Monday, March 25, 2013

Huck's Advice: A Dog in Uniform?

Continuing with Huck's job shadowing....


Dear Readers!  I woke up this morning knowing exactly what kind of costume...um, I mean JOB I wanted for today.  Something with a purpose!  Something dangerous!  Something with a UNIFORM.

I asked my person if I could be a fire-fighter.  She asked if I could climb ladders or slide down poles.  What does that have to do with it, I demanded.  It just does, she said. Apparently, those are deal breakers.

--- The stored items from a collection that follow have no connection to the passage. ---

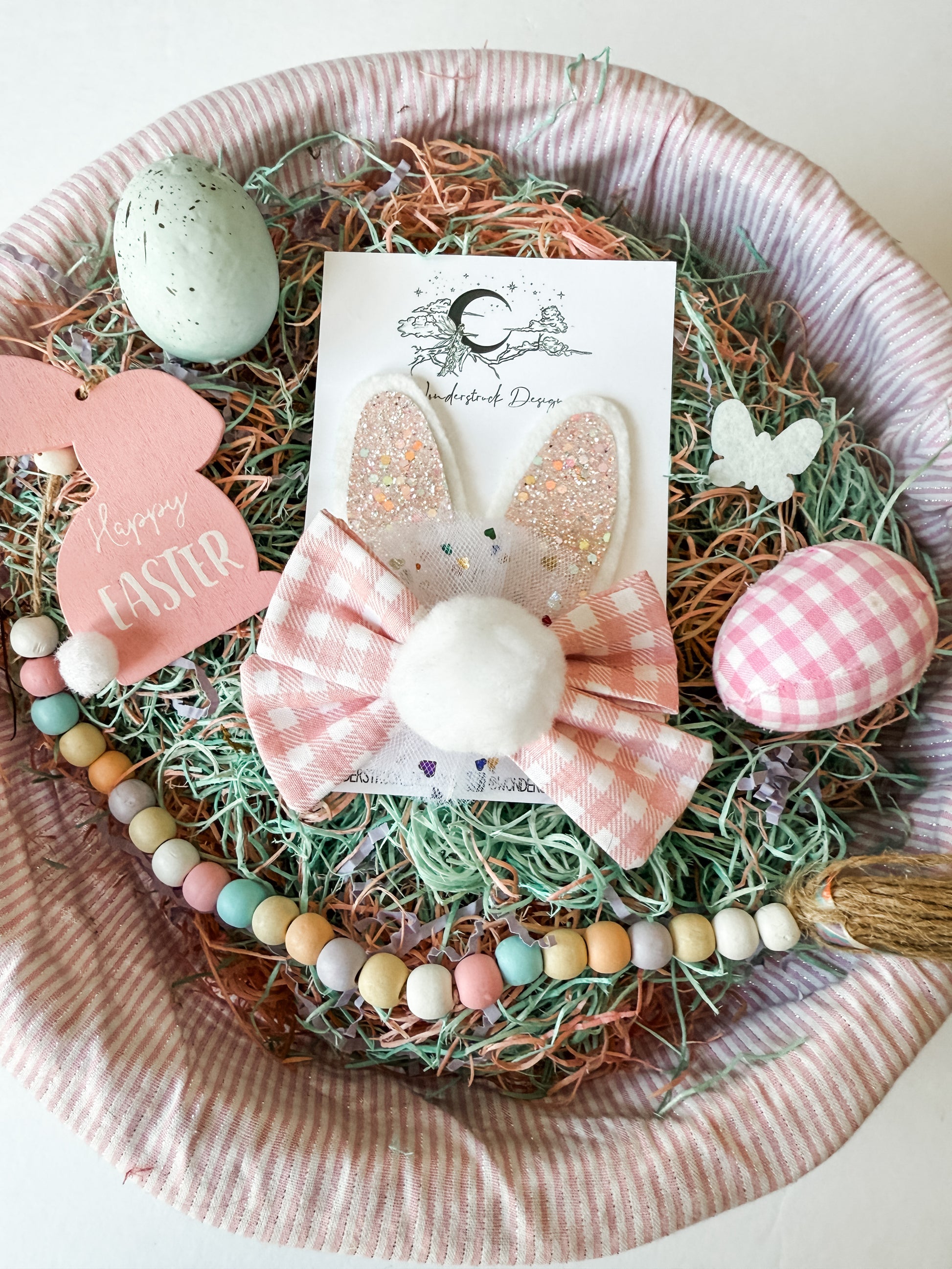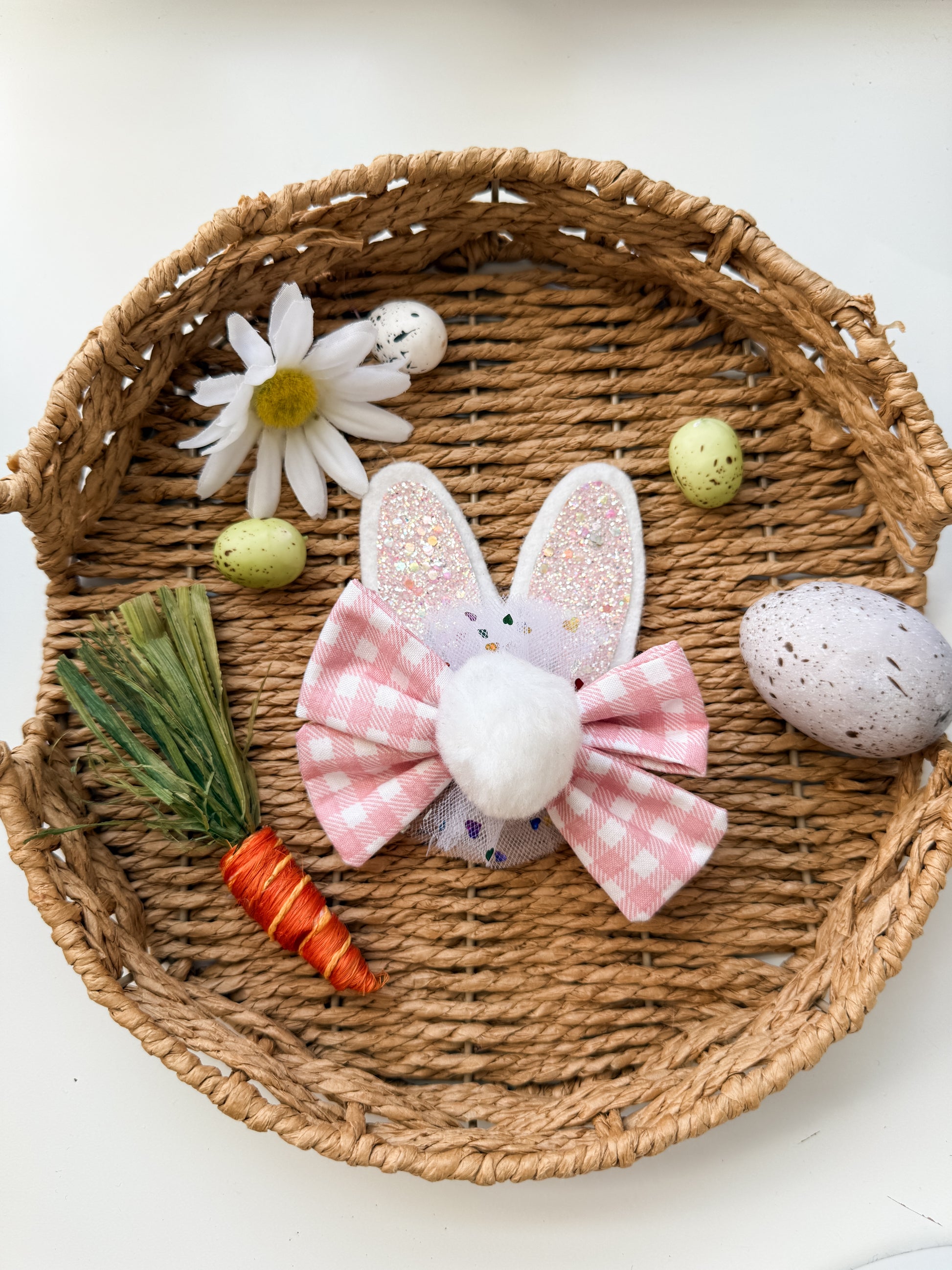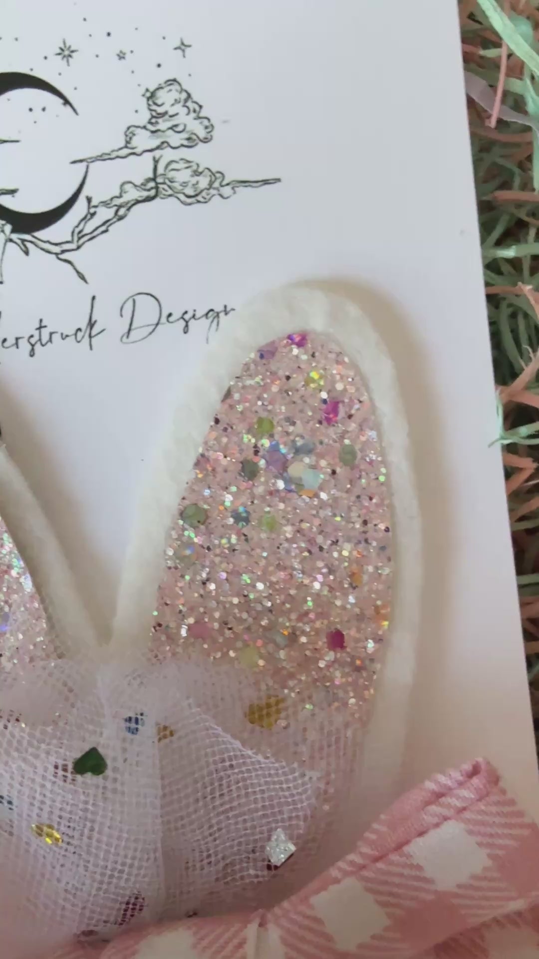 Hop to all the Easter festivities with these whimsical bunny ears! Crafted from luxurious wool, and glitter fabric for extra dazzle! With a fluffy bunny tail at the center and a soft pink gingham cotton fabric bow to bring it all together.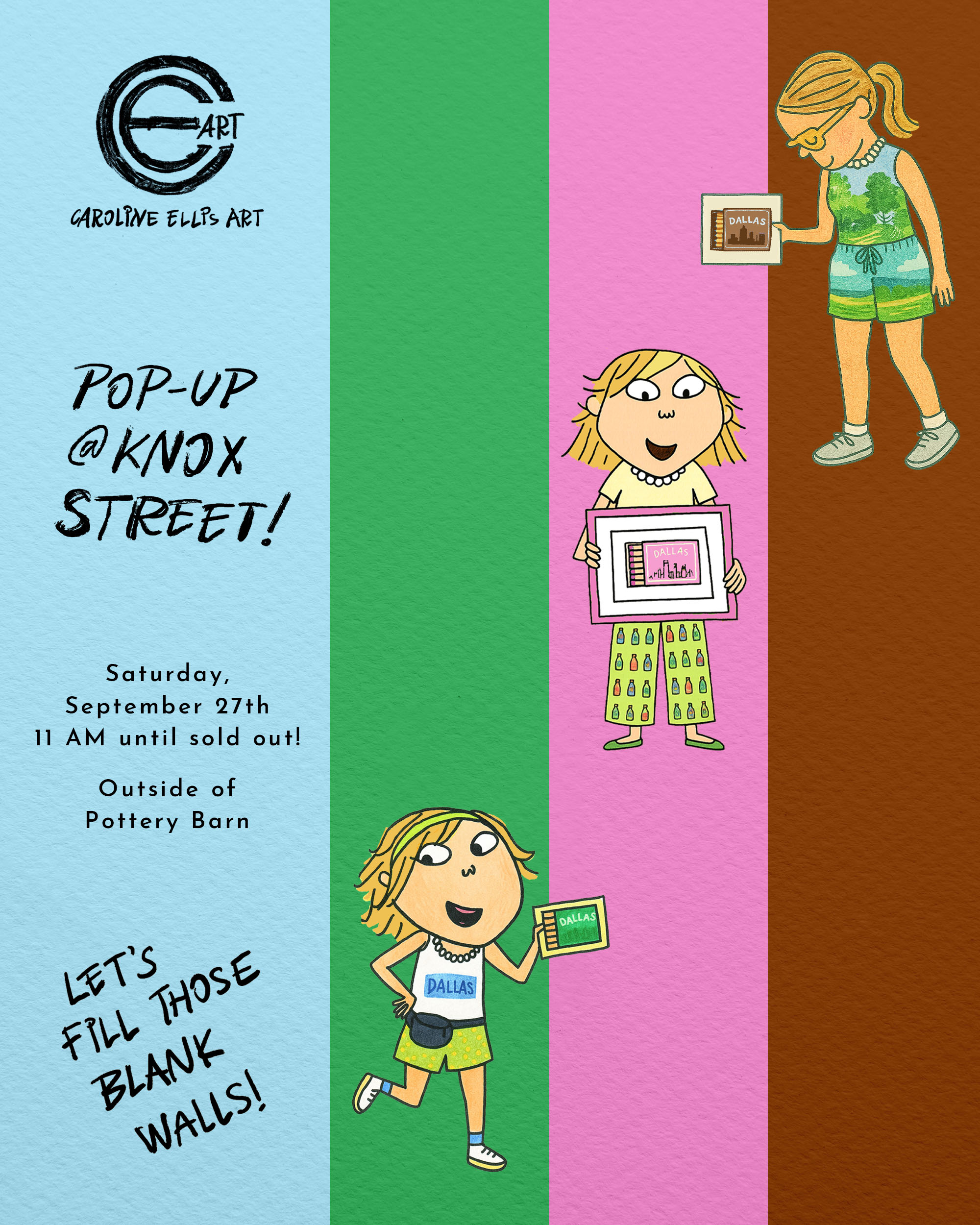 This Saturday at Knox Street, Dallas-based artist Caroline Ellis will host a pop-up near Pottery Barn & Starbucks, starting at 11 AM until sold out. She’s bringing a special restock of the sold-out Dallas Matchboxes in Rodeo Brown, along with other limited edition and best-selling 8×10 prints.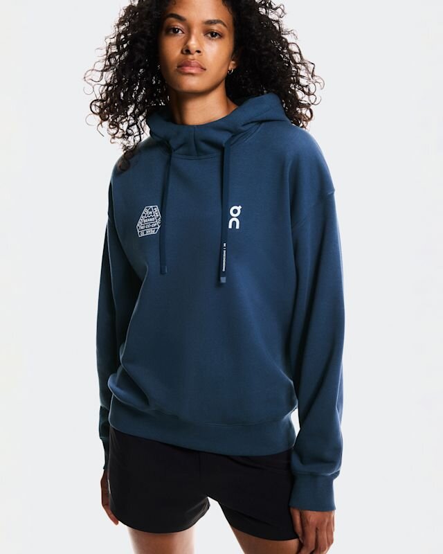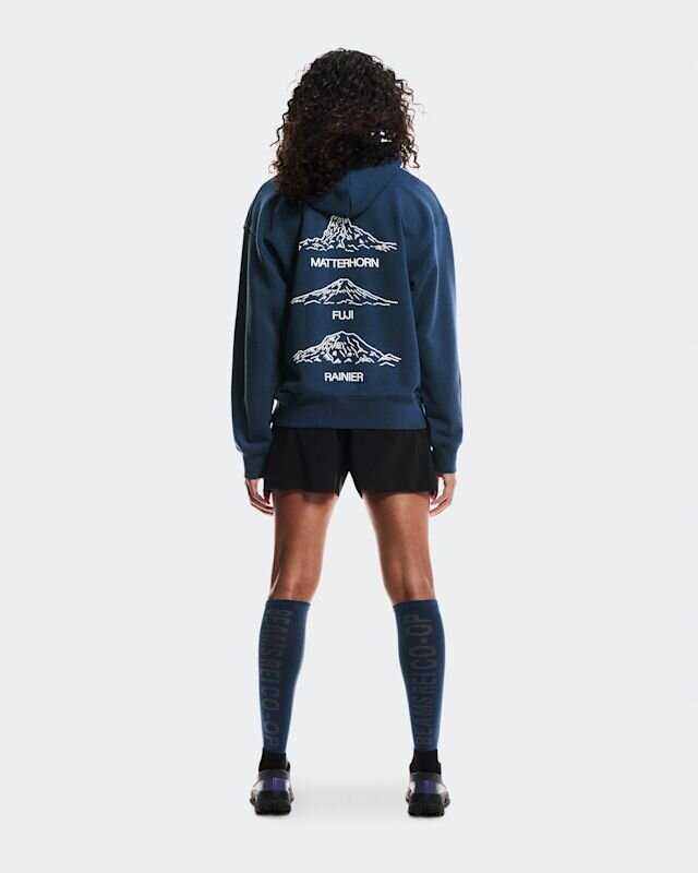 Ein weicher Baumwollhoodie mit drei Berggipfelmotiven. Entworfen in Zusammenarbeit mit BEAMS und REI Co-op.

Fine.  How about a Police Officer?  That has danger and intrigue.  Sure, she said. You could do that. They have K-9 units, but you know people shoot actual guns at you.  Woah, I said.  I didn't mean that dangerous.  Like, going out on a manhunt with out sunscreen dangerous.

So we went down the list:
Navy--I'm prone to stomach ailments.  And I'm a wee bit gaseous, which people don't seem to appreciate in enclosed spaces.
Army--that sickly green they wear isn't my color.
UPS guy--no hat.  Gots to have a hat.

What about airplane pilot, she asks?

Tell me more about this airplane pilot, I say.  Is there a hat?

Yes, she says.  And you don't have to have a lot of experience to fly a commercial airplane, apparently drunk people do it all the time.

Sign me up, I say.  And give me the hat.  I shall wear it jauntily.